How is your church celebrating the Reformation this year?
If you’ve been following the news, the 500th Anniversary of the Reformation – the reason the Protestant Church even exists – falls on October 31, 2017.
I’ve always kind of dreaded talking about the Reformation, because there’s only so many times the Martin Luther story can be told – right?
If your church is anything like mine, the choir will sing some really moving songs, ang moh guest speakers might be invited over, and there you may be treated to a special week of messages. Which is all very nice, and proof that we’re quite good at commemorating things.
We often get caught up in all the deep theology and complex Latin phrases that defined the movement, and forget that the Reformation was really all about … God.
But what’s so good about this message, such that countless preachers have been willing to be burnt at the stake for it?
To explain this simply, consider the Five Solas of the Reformation. You can think of them as the five slogans that chiefly defined what the Protestant Church was even protesting about.
Scripture alone, faith alone, grace alone, Christ alone, to the glory of God alone.
Sola scriptura, sola fide, sola gratia, solus Christus, soli deo gloria.
But if you ask me what the protest was really about, my answer would be God.
We often get caught up in all the deep theology and complex Latin phrases that defined the movement, and forget that the Reformation was really all about … God.

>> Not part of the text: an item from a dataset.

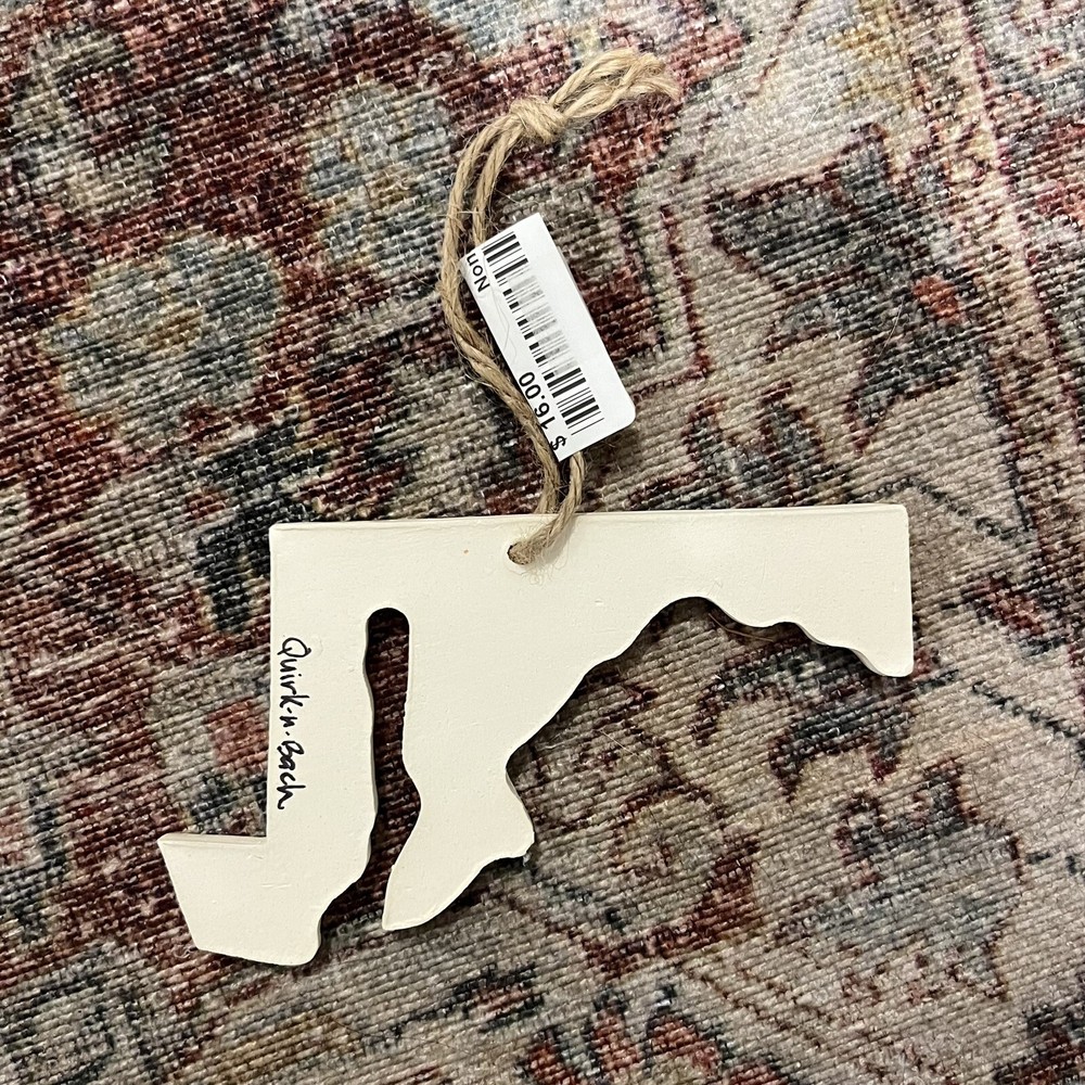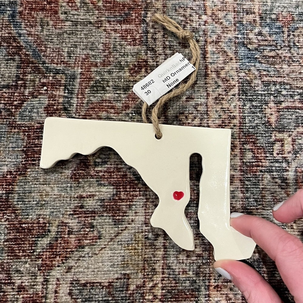 Brand new, never been used. Tags still attached Ceramic Maryland state shaped ornament with heart pained approx. where Annapolis/Baltimore is located Twine attached for easy hanging on tree

Not the Reformers per se, and definitely not us.
The Reformation is about a God who took the initiative, even though we spat in His face by refusing to obey, to bring us back into right understanding of Him.
It is about the God who takes pity on us, even as we cling to rituals and traditions that we think can make us right with Him.
It is about the God who shows us the way home, 500 years ago and now.
Only God can lead us home. And only by trusting Him can we find the way. That was the lesson of the Reformation, and it still holds true today.
It baffles me why God would want anything to do with someone like that. When someone turns their back on me, my last instinct is to reach out to them. I’m still in a cold war with a friend who de-friended me for 9 months. (Sinful? Maybe not. Childish? Yes.)
But God did, even back in the Garden of Eden. After Adam and Eve ate the forbidden fruit, Adam ran away and blamed Eve, and Eve blamed the serpent. In contrast, God saw that they really CMI, and held an intervention.
The God who created the whole universe, commands the winds and the waves, and breathed life into man – He reached out first. He didn’t leave an ambiguous trail of gingerbread crumbs, but put up huge neon signboards with arrows pointing the right way.
“Very rarely will anyone die for a righteous person, though for a good person someone might possibly dare to die. But God demonstrates his own love for us in this: While we were still sinners, Christ died for us.” (Romans 5:7-8)
We may think we’re not quite as bad as the Church was 500 years ago.
We tell ourselves there is still goodness in this generation, and we have the wisdom of the Reformers to stand on. We think we can find our way back.
But the fact is, we can’t. Only God can lead us home. And only by trusting Him can we find the way. That was the lesson of the Reformation, and it still holds true today.
Exactly 500 years ago, the Reformers wrestled with Scripture. Now, 500 years later, dare we wrestle with Scripture and be honest with ourselves, about if what we believe holds absolutely true to the unchanging Truth?